Известно, что террористы очень сентиментальны; апологеты жалости — самые жестокие террористы. Они желают вас видеть на коленях, терзаемыми угрызениями совести, раздавленными, преисполненными неестественным возбуждением, и испытывают при этом тщательно скрываемое удовольствие. Сад, разумеется, наименее жестокий из всех писателей.
Читатель, я позволю себе настаивать на таких определениях, как «скрытая чувствительность», «застать врасплох»: все, что на первый взгляд наделено чувствительностью, это фальшь и ложь, если говорить о так называемой природе человека. «Уносит от невзгод»: это правда, действительно уносит. «Научает обходиться без поводыря»: ну да, выпутывайтесь сами. «Вкладывает в руки оружие для сопротивления»: что в этом мире постоянно приходится сражаться, это-то очевидно, я надеюсь?
Главное, не погрязнуть в бесконечной болтовне.
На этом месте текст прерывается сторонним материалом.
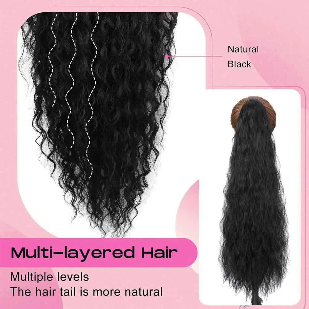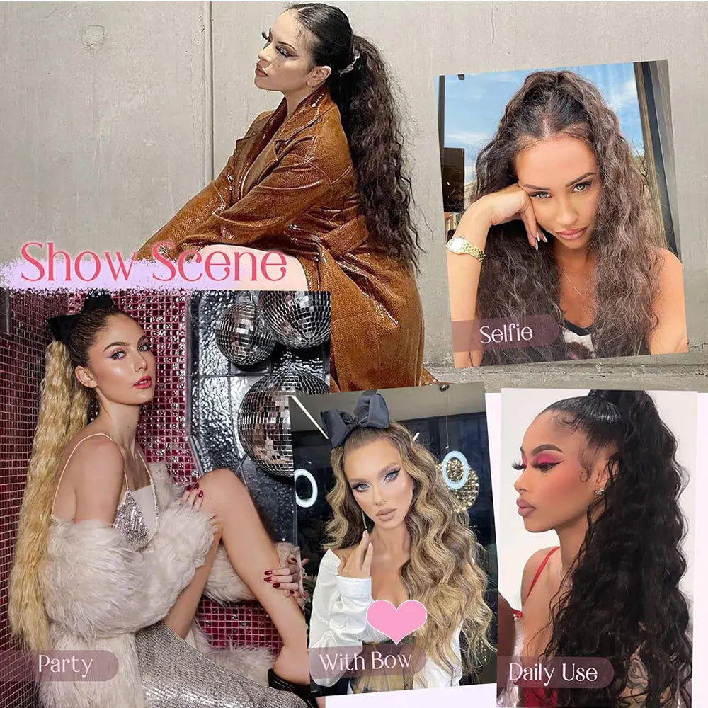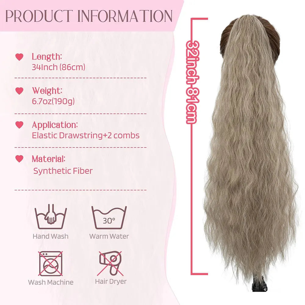 32" Long Curly Drawstring Ponytail Synthetic Hairpiece for Women Blonde Black Ponytail Clip in Hair Extensions for Daily Cosplay
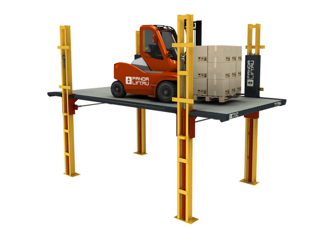 Четырехколонный гидравлический подъемник TITAN – самый мощный подъемник в линейка подъемников PANDA LIFT. Он подходит для перемещения грузов массой до 25 тонн на высоту до 44 метров. Иллюстративное изображение: PANDA.
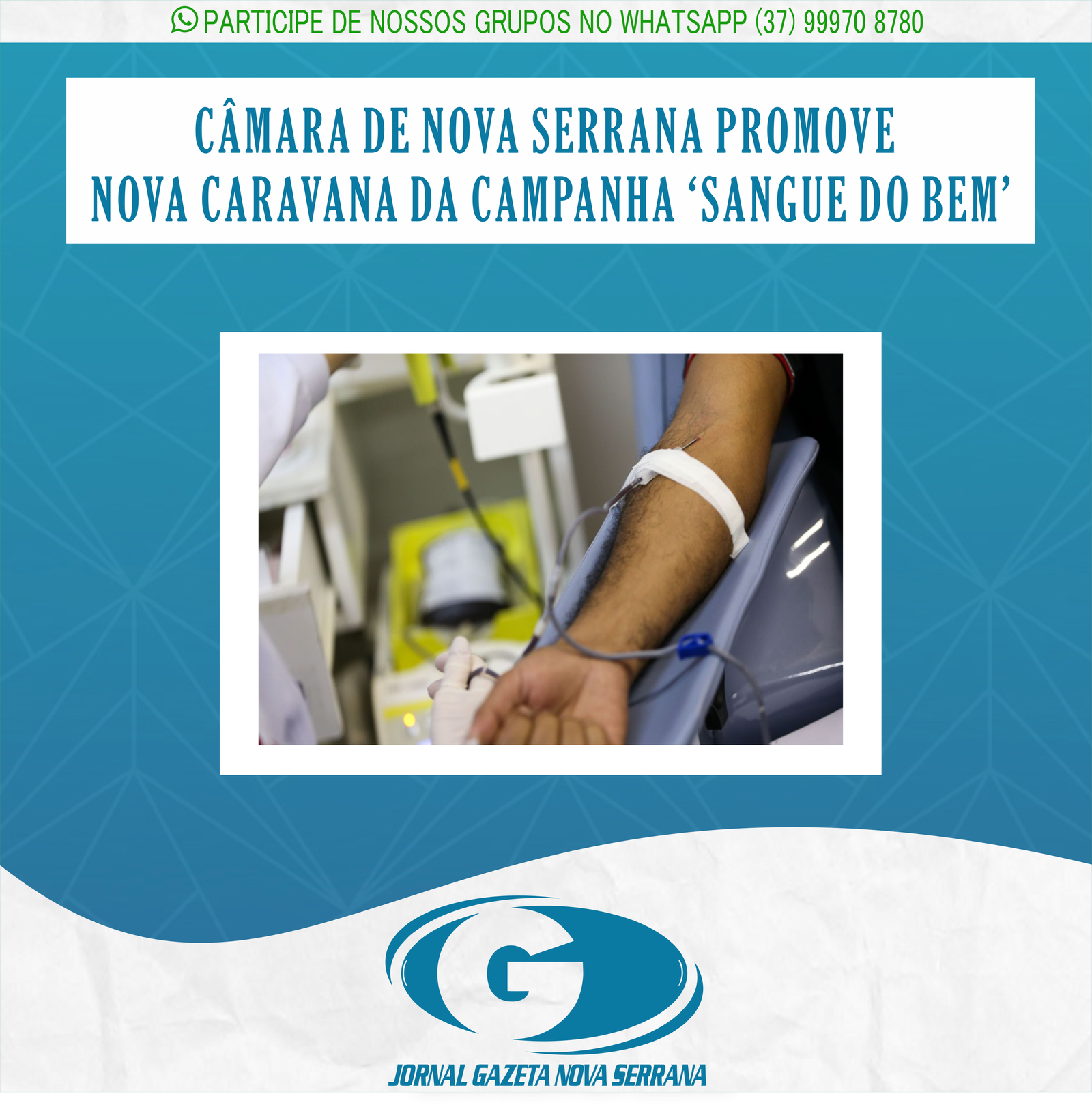 A Câmara de Nova Serrana realizará mais uma caravana da “Campanha Sangue do Bem” com o objetivo de levar doadores para praticar o gesto de salvar vidas a ajudar a abastecer os estoques dos bancos que atendem à população.
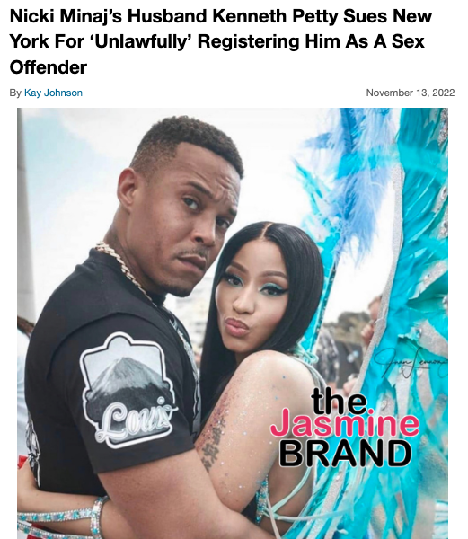 As social media users quickly discovered, Megan’s Law is a real piece of US legislation that requires sex offender registration and information to be made public. It’s no secret that Nicki’s husband has battled his own sex offender registration complications that stem from an alleged rape and attempted murder charge that took place back in 1995. Petty was even briefly detained due to failing to register after moving to California from New York, though he has since appealed the charge.
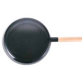 Its sturdy aluminum body ensures fast and even heat distribution, while the heat-resistant limewood-style handle provides a comfortable grip and adds a natural aesthetic touch.
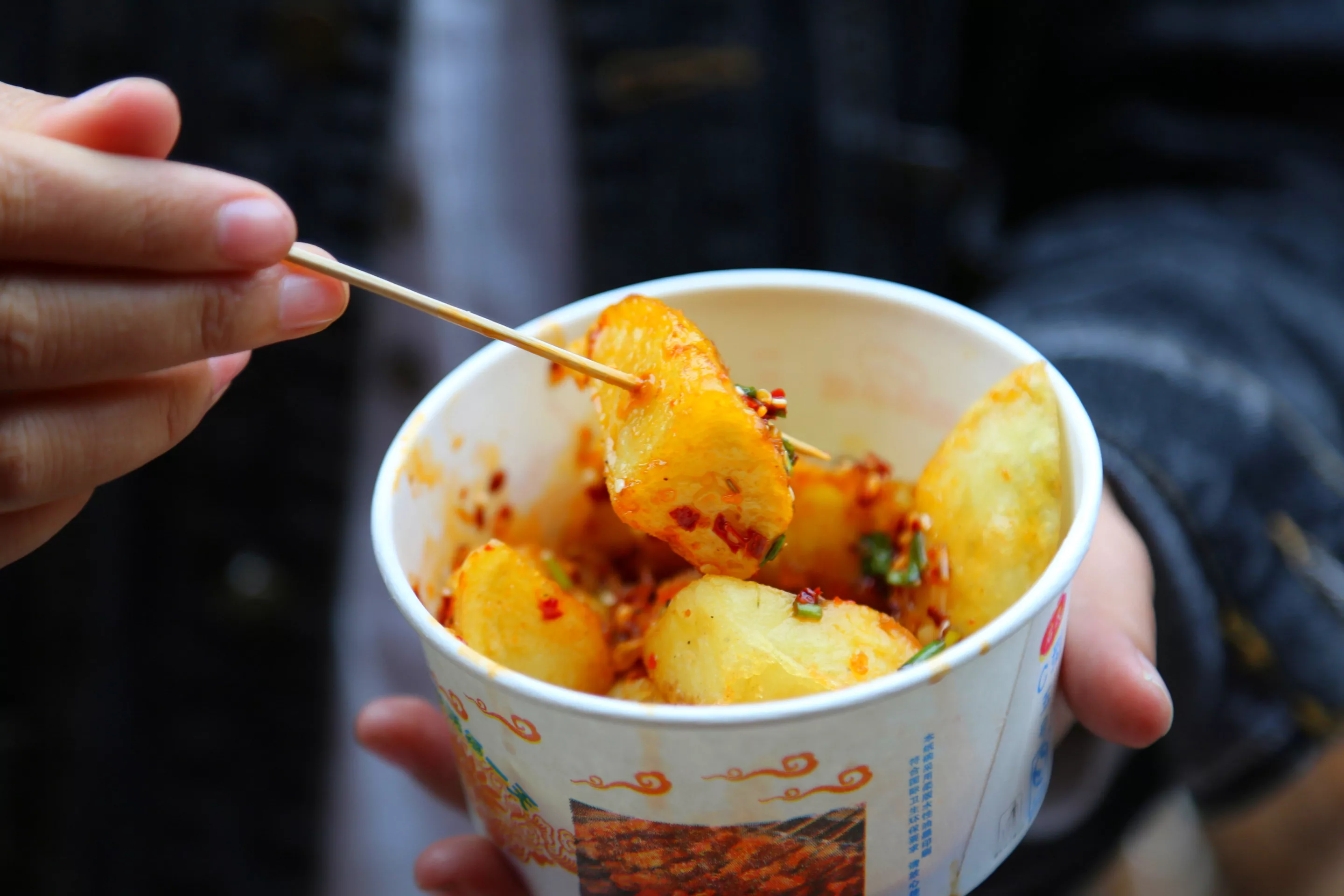 張奶奶是在這里賣(mài)零食的,油炸洋芋,我必須隆重推薦你們嘗嘗,調(diào)料做得特別好,吃起來(lái)洋芋噴噴香。
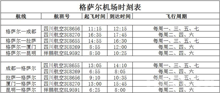 新航線開通后,甘孜格薩爾機場在飛的往返航線已有成都、拉薩、廈門、昆明,目前航線網(wǎng)絡(luò)正逐步完善加密。
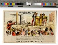 Racist trade card promoting the Working Shoe Makers Co-Operative Union and depicting a scene with African American caricatures
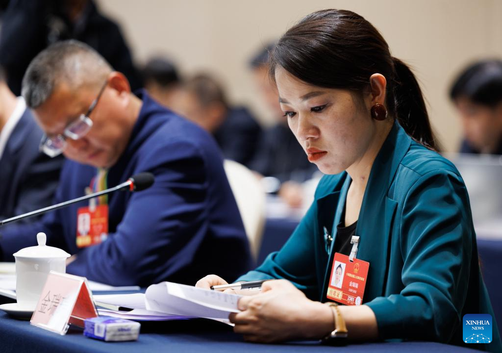 Jin Ruirui, a deputy to the 14th National People's Congress (NPC), attends a group deliberation at the fourth session of the 14th NPC in Beijing, capital of China, March 6, 2026.
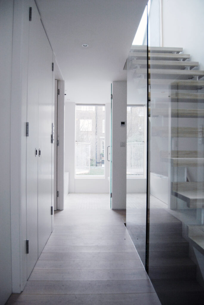 Modern interventions on the street are discreet, glass and metal in traditional shapes. At the rear, planted terraces (hanging gardens) cascade down in a radical reinterpretation that affords access without overlooking.Conceived like the ‘Tardis’, the house appears narrow, modest from the street, but at ground level opens to a huge modern-life space whose wall elements slide and wrap outside embracing the garden. To service this, the entrance and utilities are compressed behind a stretched wall, and a spiral cellar is hidden under the cathedral-stone floor.
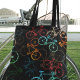 Ein Muster-Design von Fahrrädern in verschiedenen Farben auf einem schwarzen Totbeutel
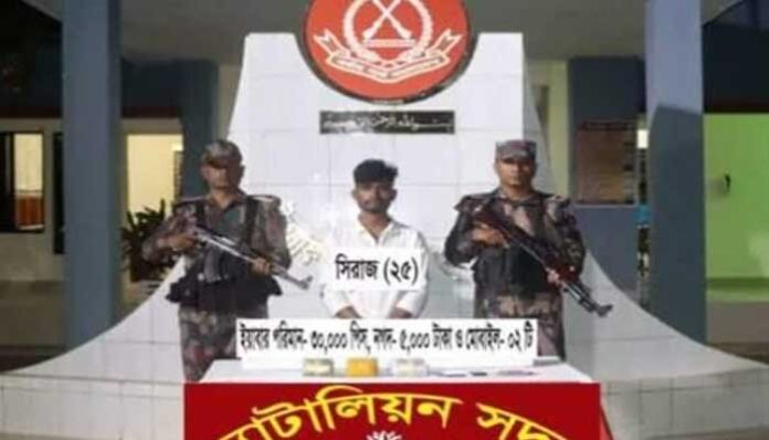 আটক মোঃ সিরাজুল ইসলাম (২৫), টেকনাফ বরইতলী গ্রামের মোহাম্মদ শাহ’র ছেলে।
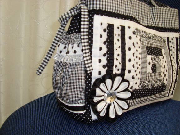 BOLSA DE PATCHWORK, COM FLOR DE KANZASHI. ELA TEM DOIS BOLSOS EXTERNOS BEM FOFINHOS, ELA É TODA ESTRUTURADA E FORRADA.NO SEU INTERIOR TEM DOIS BOSOS INTERNOS.
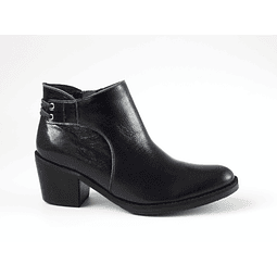 Botín cuero negro talón aplicación cuero diseño pitón y tachas
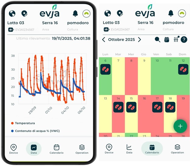 The EVJA control unit is at the heart of the Agronomic Intelligence Platform and has basic sensors. With the new app, you can view real-time graphs of soil moisture, temperature, and other climatic and crop parameters. You can also view past data organized by season, plot, or crop.
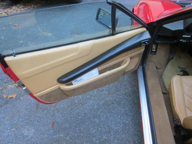 | I bought the car with 33000 miles on i, now has 34059 miles.It has been kept in my temp. controlled garage ever since I bought the car.Major servicing was done Dec of 1999 with 27,199 miles, I have all paper work. Car comes with extra set of wheels,wheels on car are not original. Spare wheel is original.As far as I can tell car has never been hit.Great clean car.Comes with all books and tool kit.Interior is tan. |
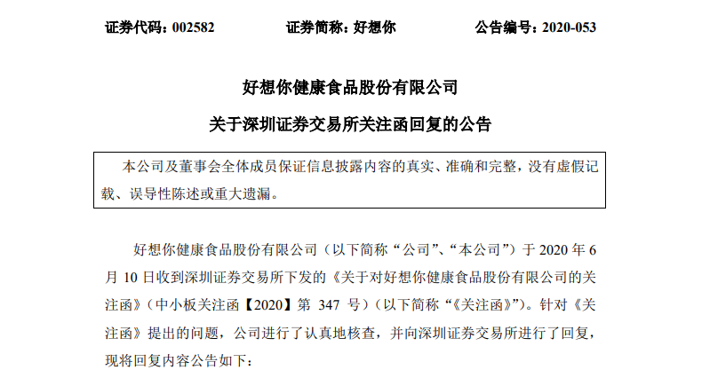 一石激起千层浪。在市场质疑声中,深交所于6月10日火速向好想你下发了监管问询函,要求上市公司详细说明回购价格的测算依据、回购的可行性以及是否为了配合股东减持等一系列问题。
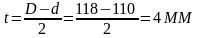 L=(D-dl)/2,=(118-110)/2=4 мм
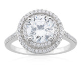 Sterling Silver Cubic Zirconia Solitaire Pendant Chain and Halo Ring Set
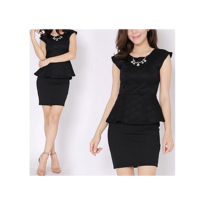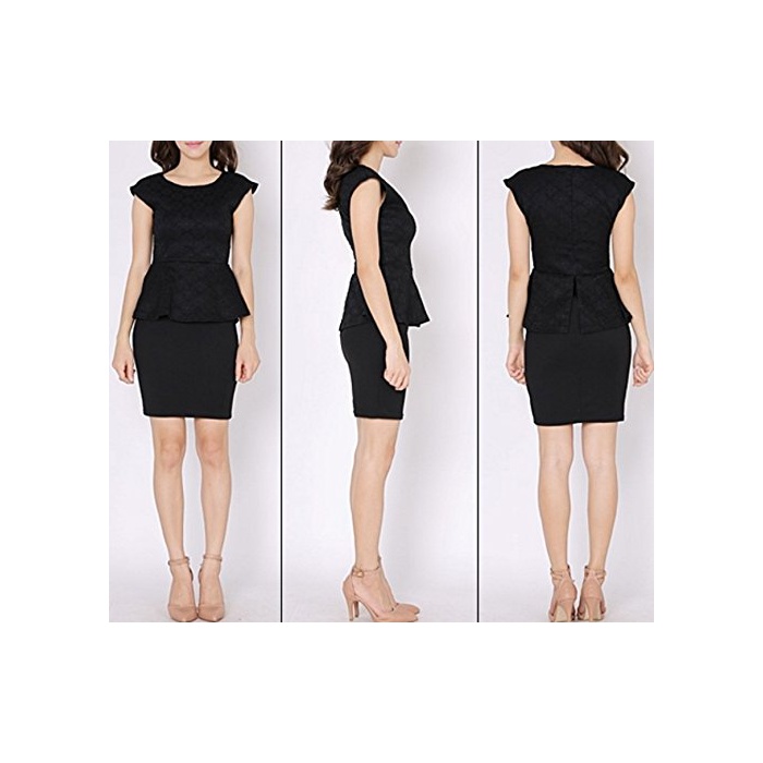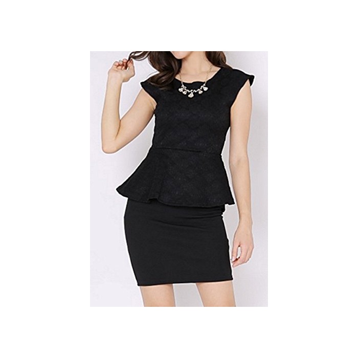 원본상품명: フォマル ワンピス 膝丈 ジャガド タイト ぺプラム スリム ノスリブ ミニ ワンピ
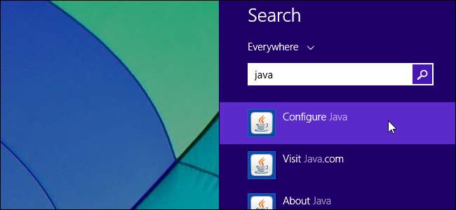 Этот параметр скрыт в панели управления Java. Чтобы получить к нему доступ, нажмите клавишу Windows один раз, чтобы открыть меню «Пуск» или начальный экран, и введите Java. Щелкните ярлык «Настроить Java».

Лотреамону известно, что восстание его времени потерпит неудачу из-за его одиночества, а еще из-за «уродливого прошлого плаксивого человечества».
Плаксивое человечество — это из области криминальной реальности и, похоже, там и останется.
Тем не менее, несмотря на всемогущество террористической организации, можно воспользоваться оружием для сопротивления.
Дора могла бы стать для меня таким оружием.
— Так вы не были террористом?
— Нет.
— И не стали святошей?
— Тоже нет.
Мы все углублялись и углублялись в путешествия. Деревенский дом стал пристанищем меж двух отъездов. Дора оставила адвокатский кабинет в Париже своей ассистентке, которой подолгу ежедневно звонила. Она сняла квартиру возле парка Монсо, а я комнату неподалеку, под самой крышей, чтобы иметь возможность спокойно работать. Я приходил туда по утрам, всматривался в застывшее цинковое небо, выпивал стакан воды, набрасывал несколько страниц романа, который вряд ли когда-нибудь появится. К чему рассказывать другим о том, что сами они не переживают и не чувствуют, ведь они решат, что все это придумано для того лишь, чтобы досадить им или унизить их. Франсуа предупреждал меня: «Писатель? Ты в своем уме? Литературная среда — это такая же полицейская контора, как и все прочие, а может, и хуже, чем прочие. Тебя будут терпеть, лишь когда ты станешь ползать, предъявлять удостоверения личности или безличности, ностальгии или отчаяния. И не забывай: твое происхождение должно быть скромным, твои сексуальные затруднения всем понятными. Счастье? Роскошь? Восторг? Ты в своем уме?»